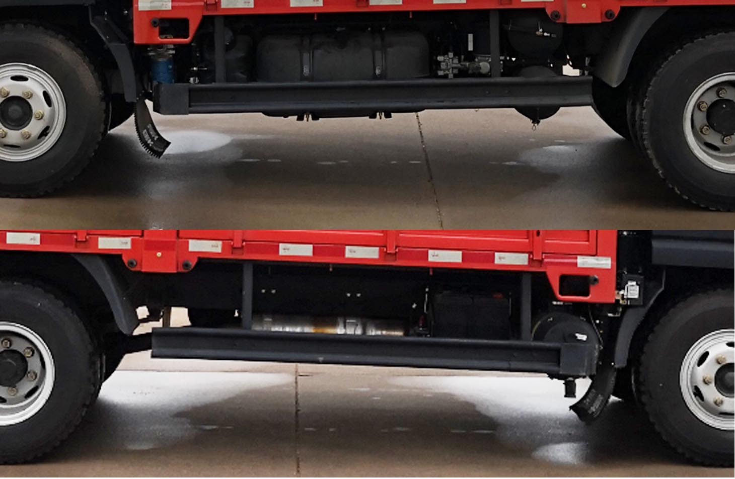 选装排半驾驶室,选装前围及灯具,选装视镜风格,选装爬梯装置;该车仅选装3360轴距.侧面及后下部防护装置材料为Q235A,连接方式为螺栓连接;后部防护装置截面尺寸50×100,50×120,离地高度为450,460;ABS系统控制器型号为446 004 320 0,VIE ABS-II,ABS-VI·E,ABS8.8 ECU 24V,生产厂家为威伯科汽车控制系统(中国)有限公司,浙江万安科技股份有限公司,广州瑞立科密汽车电子股份有限公司,东科克诺尔商用车制动系统(十堰)有限公司.发动机型号WP3.7Q130E50,YNF40E2,YC4S150-50,YNF40E1,WP4.1Q165E50,YN27CRE10分别对应油耗申报值为12.1,12.3,12.4,12.8,12.7,12.1,单位:L/100km.整车尺寸对应关系:5995=1120+3360+1515,5995=1140+3360+1495,5995=1160+3360+1475,尺寸单位为mm |
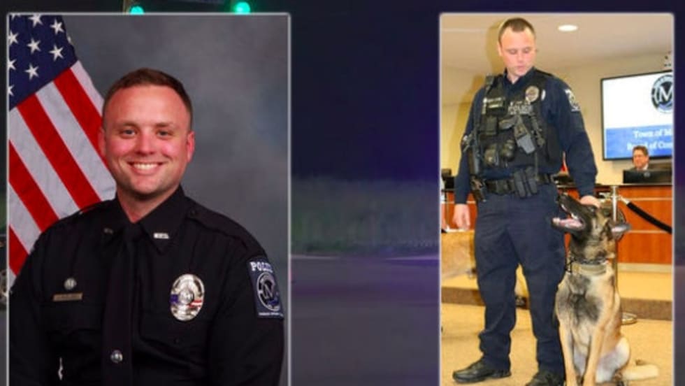 Officials said K-9 Officer Jordan Sheldon, 32, was shot and killed after pulling a man over shortly after 10 p.m.
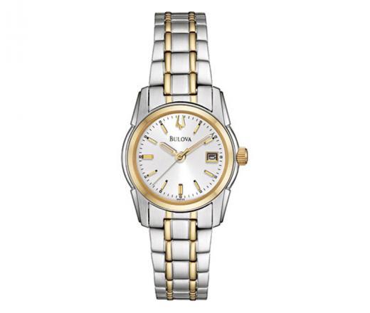 From the Classic collection. In stainless steel with two-tone finish, domed crystal, silver sunray dial, luminous hands and markers, calendar, second hand, screw-back case, and locking fold-over clasp and water resistance to 30 meters.
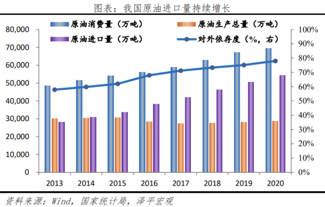 二是對國家能源安全的保障。在交通運輸領域,我國石油消費量正不斷走高,從2015年的5.43億噸/年上升至2020年的7.36億噸/年。然而我國原油產量則一直維持在2億噸/年。供需矛盾致使我國的原油進口量持續增長,對外依存度超過70%。為保證國家的能源安全和經濟的可持續發展,能源消費結構亟需升級。而發展新能源發電有利于減少我國對能源進口的依賴,保障國家能源安全。
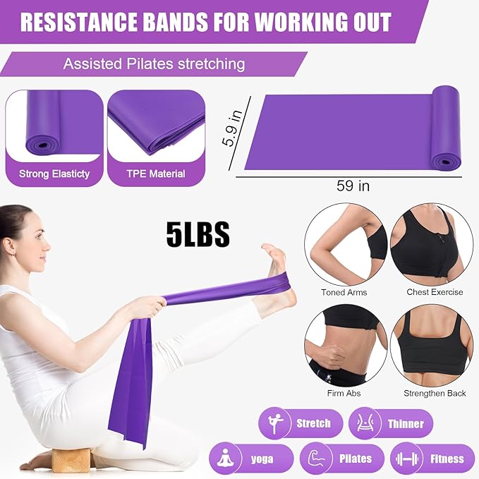- Classic Color and Size: the set reflects an aesthetically pleasing color scheme where the pilates equipment is available in gradient tones including changes from light purple to dark purple; Perfectly sized, the fitness drawstring bag measures 16.54 x 13.39 inches/ 42 x 34 cm, yoga elastic band is 59.06 x 5.91 inches/ 150 x 15 cm, whereas the yoga ring is 11.81 inches/ 30 cm for maximum convenience and effective performance
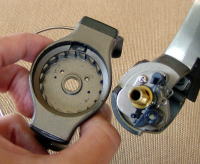 ノーマルストッパー これは97年登場のミッチェル230のストッパー。昔の大森や松尾カーディナルのようなシンプルな方式を採用しています。日本のメーカーなら絶対やらないでしょう。軽さや防塵性などを考えたら、いちばんいいんですけどね。 |
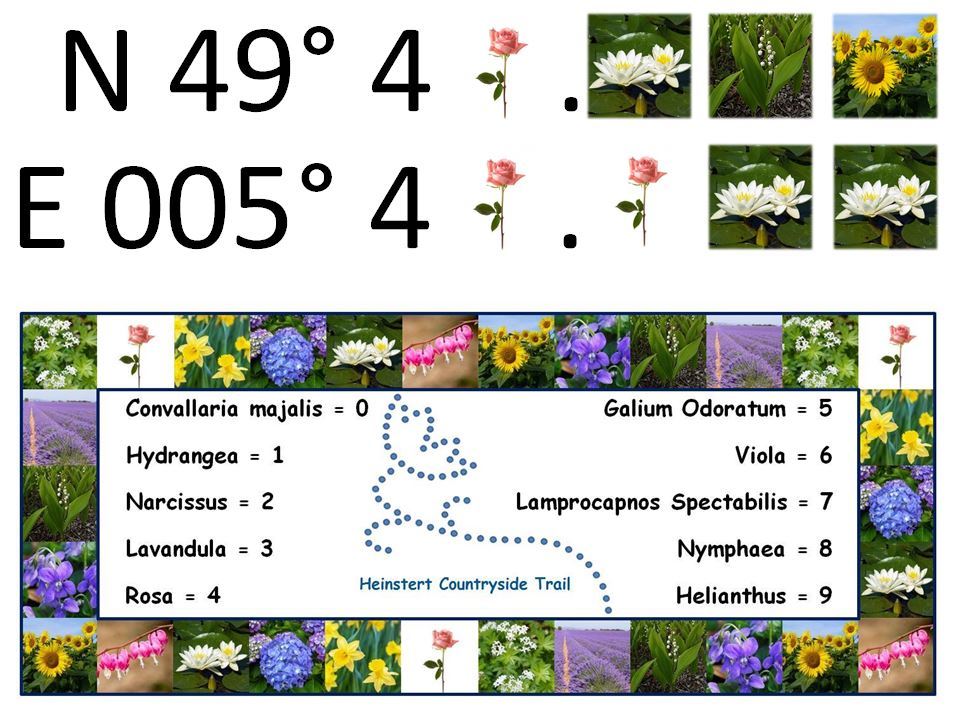 HCT takes you through the village of Heinstert (parking on the church square), in the woods, on the former tram route (indeed ... in the past, there was a tram here) and in the surrounding countryside. Outside the village, you will mainly be on trails with 4 short passages on the road (between caches 9 and 10, 31 and 32 and 43 to 45) as well as crossing the Route de Habay twice outside the village (between caches 24 and 25, 61 and 62). Please, be particularly careful in these places because, if the traffic is not dense, some cars can be fast. For those who would prefer to split this tour, spending a few additional steps, it can be divided into 3 loops: A -11km-, B -7 km- and C -6 km- (the mileage is calculated on the basis of a loop hike with a start at the square in front of the church).
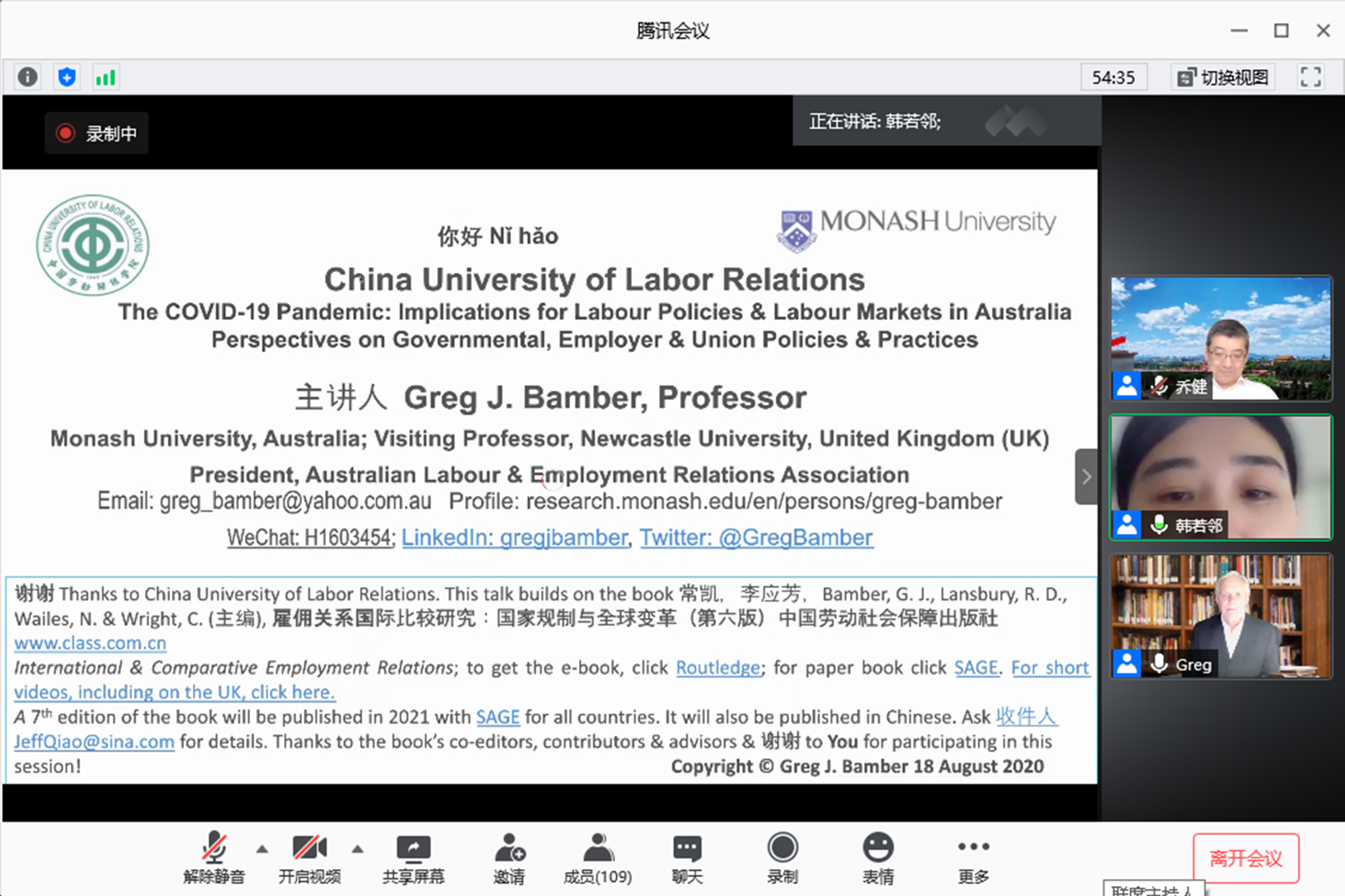8月20日,由万象城官网主办、中国人力资源开发研究会劳动关系分会协办的“2020年全球抗疫复工劳动关系系列讲座”第六讲在线上举行。澳大利亚劳动与雇佣关系学会(ALERA)会长、莫纳什大学商学院教授格雷戈•班柏作为主讲嘉宾,应邀做了题为《疫情大流行对澳大利亚劳资关系政策和劳动力市场的影响:政劳资的不同视角》的讲座。中国人力资源开发研究会劳动关系分会秘书长王晶、北京交通大学经济管理学院石美遐教授出席活动,来自校内外百余名专家学者和师生在线聆听。讲座由王晶秘书长主持。

# # # #

Exercise aim =>
Drop the pictures; return the lines above from the line containing "Officials said K-9" to the line containing "二是對國家能源安全的保障。在", both included, exactly.

Problem solution =>
 Officials said K-9 Officer Jordan Sheldon, 32, was shot and killed after pulling a man over shortly after 10 p.m.
 From the Classic collection. In stainless steel with two-tone finish, domed crystal, silver sunray dial, luminous hands and markers, calendar, second hand, screw-back case, and locking fold-over clasp and water resistance to 30 meters.
 二是對國家能源安全的保障。在交通運輸領域,我國石油消費量正不斷走高,從2015年的5.43億噸/年上升至2020年的7.36億噸/年。然而我國原油產量則一直維持在2億噸/年。供需矛盾致使我國的原油進口量持續增長,對外依存度超過70%。為保證國家的能源安全和經濟的可持續發展,能源消費結構亟需升級。而發展新能源發電有利于減少我國對能源進口的依賴,保障國家能源安全。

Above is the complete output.